Single by Matt Stell

from the EP Everywhere but On
- Released: December 2, 2019
- Genre: Country
- Length: 3:12
- Label: RECORDS; Arista Nashville;
- Songwriters: Matt Stell; Lance Miller; Paul Sikes;
- Producers: Matt Stell; Ash Bowers;

Matt Stell singles chronology
| "Prayed for You" (2019) | "Everywhere but On" (2019) | "That Ain't Me No More" (2021) |

= Everywhere but On =

"Everywhere but On" is a song recorded by American country music singer Matt Stell. It is the second single from his 2019 EP Everywhere but On.

==Content==
Stell wrote the song with Lance Miller and Paul Sikes. The song is about a man who is attempting to get through a breakup; according to Stell, he was going through a breakup while writing the song. According to Stell, the idea came when Sikes presented the title lyric "I've moved everywhere but on", after which the three writers decided to build around the title lyric. Stell describes the song as "super personal" because he included details from his own relationship in it.
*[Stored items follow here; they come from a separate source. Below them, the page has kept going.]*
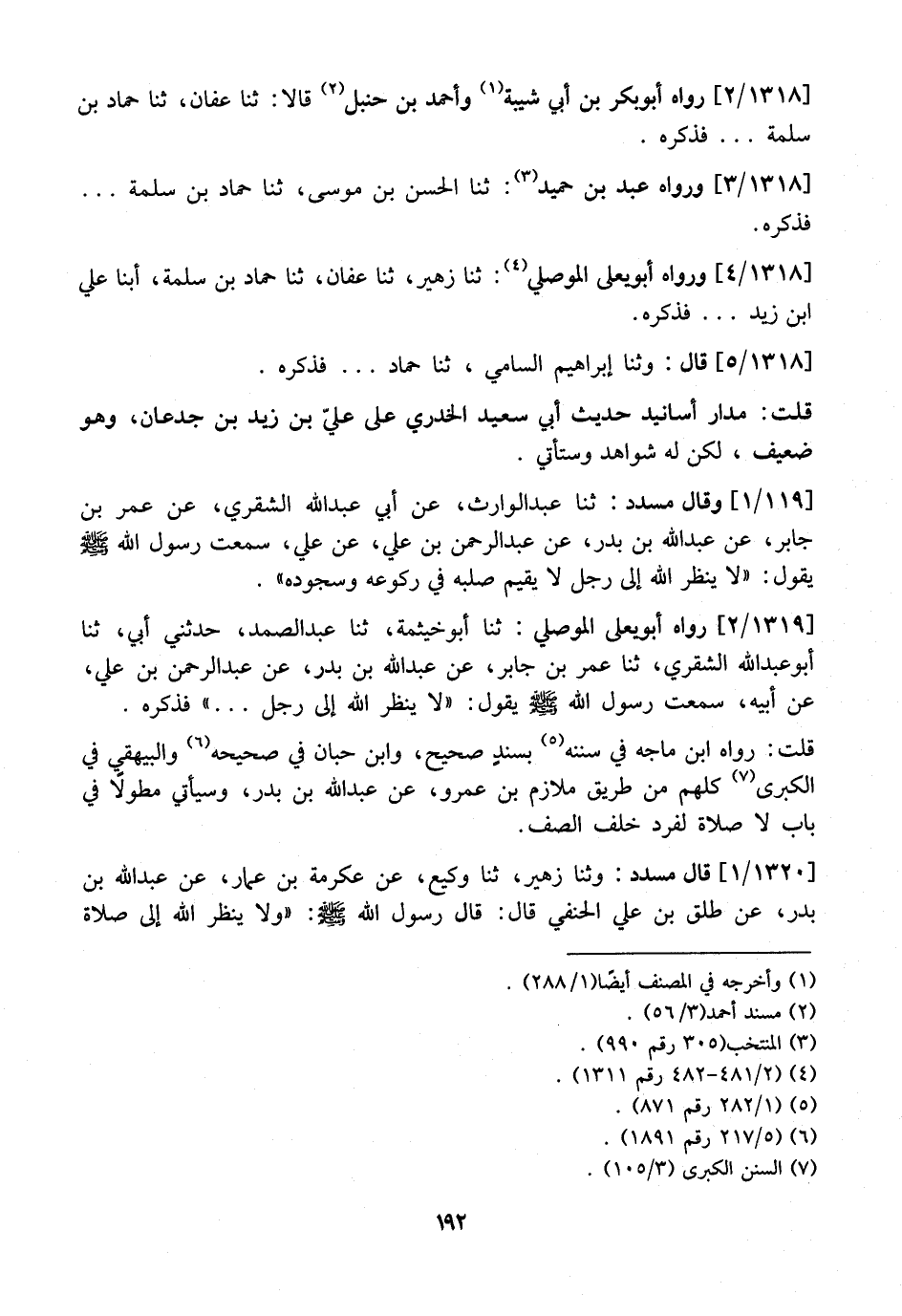 1319 / 2 - رَوَاهُ أَبُو يَعْلَى الْمُوصِلِيُّ: ثنا أَبُو خَيْثَمَةَ، ثَنَا عَبْدُ الصَّمَدِ، حَدَّثَنِي أَبِي، ثَنَا أَبُو عَبْدِ اللَّهِ الشَّقَرِيُّ، ثَنَا عُمَرُ بْنُ جَابِرٍ، عَنْ عَبْدِ اللَّهِ بْنِ بَدْرٍ، عَنْ عَبْدِ الرَّحْمَنِ بْنِ عَلِيٍّ، عَنْ أَبِيهِ، سَمِعْتُ رَسُولَ اللَّهِ - صَلَّى اللَّهُ عَلَيْهِ وَسَلَّمَ - يَقُولُ: "لَا يَنْظُرُ اللَّهُ إِلَى رَجُلٍ ... " فَذَكَرَهُ. قُلْتُ: رَوَاهُ ابْنُ مَاجَهْ فِي سُنَنِهِ بسندٍ صَحِيحٍ، وَابْنُ حِبَّانَ فِي صَحِيحِهِ وَالْبَيْهَقِيُّ فِي الْكُبْرَى كُلُّهُمْ مِنْ طَرِيقِ مُلَازِمِ بْنِ عَمْرٍو، عَنْ عَبْدِ اللَّهِ بْنِ بَدْرٍ، وَسَيَأْتِي مُطَوَّلًا فِي بَابِ لَا صَلَاةَ لِفَرْدٍ خَلْفَ الصَّفِّ.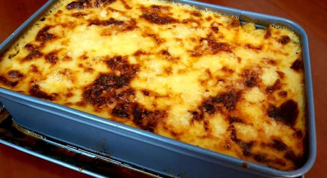 Одозгора наросете со 1-2 раце рендан кашкавал, прелијте го бешамел сосот, а одозгора наредете уште 200 г рендан кашкавал. Ставете да се пече во загреана рерна на 200 степени околу 45 минути. Деталите со постапката можете да ги погледнете во видеото: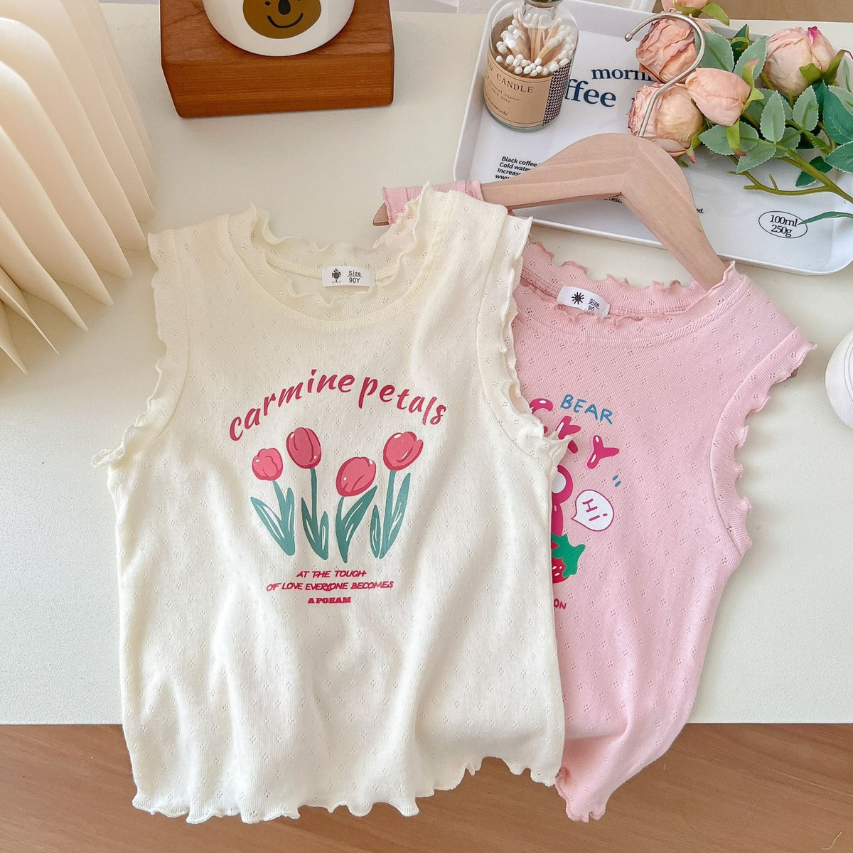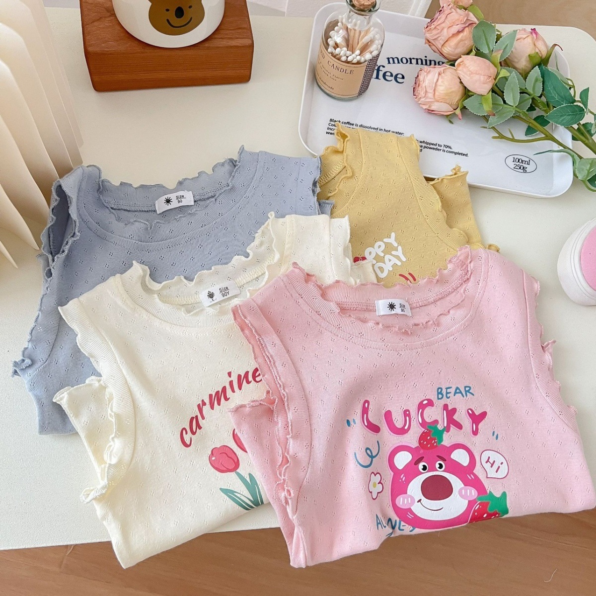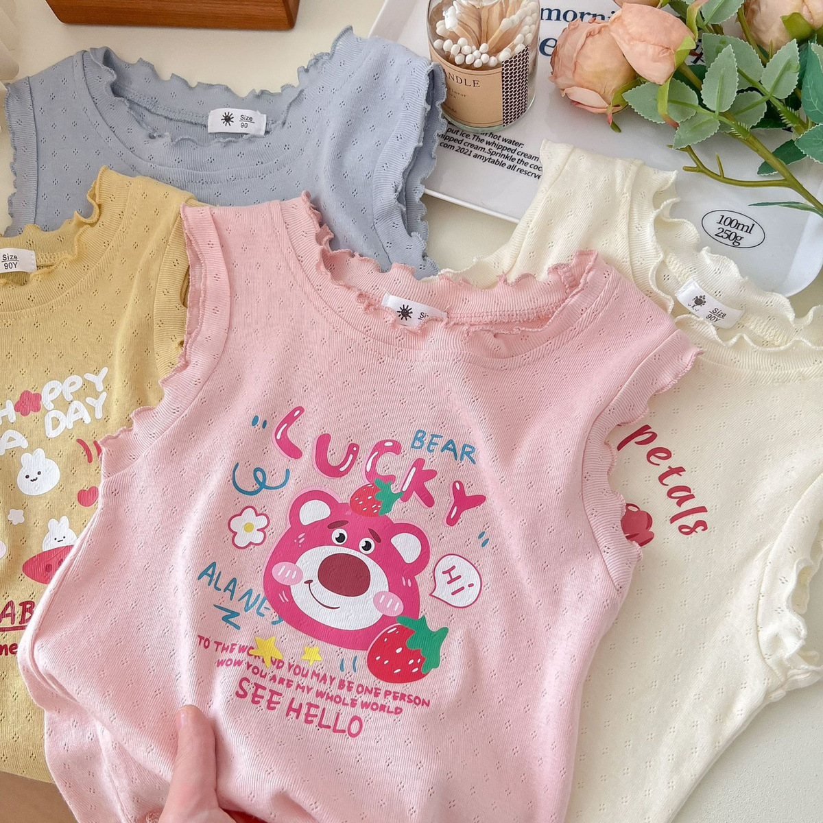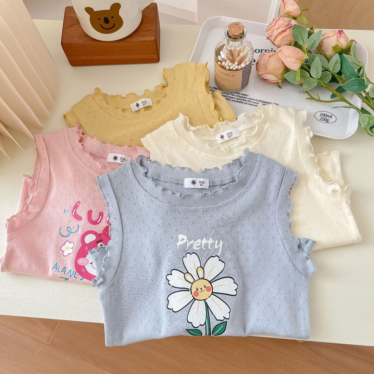 여름 새로운 25 여름 어린이 레이스 귀여운 작은 조끼 소녀 아기 인쇄 만화 좋은 면 민소매 조끼스토어 가기

People described the song as "express[ing] how difficult it is to move on".

==Chart performance==

===Weekly charts===

| Chart (2019–2020) | Peak position |
|---|---|
| Canada Hot 100 (Billboard) | 92 |
| Canada Country (Billboard) | 6 |
| US Billboard Hot 100 | 48 |
| US Country Airplay (Billboard) | 1 |
| US Hot Country Songs (Billboard) | 11 |

===Year-end charts===

| Chart (2020) | Position |
|---|---|
| US Country Airplay (Billboard) | 32 |
| US Hot Country Songs (Billboard) | 42 |

==Certifications==

| Region | Certification | Certified units/sales |
| United States (RIAA) | Platinum | 1,000,000^{‡} |
^{‡} Sales+streaming figures based on certification alone.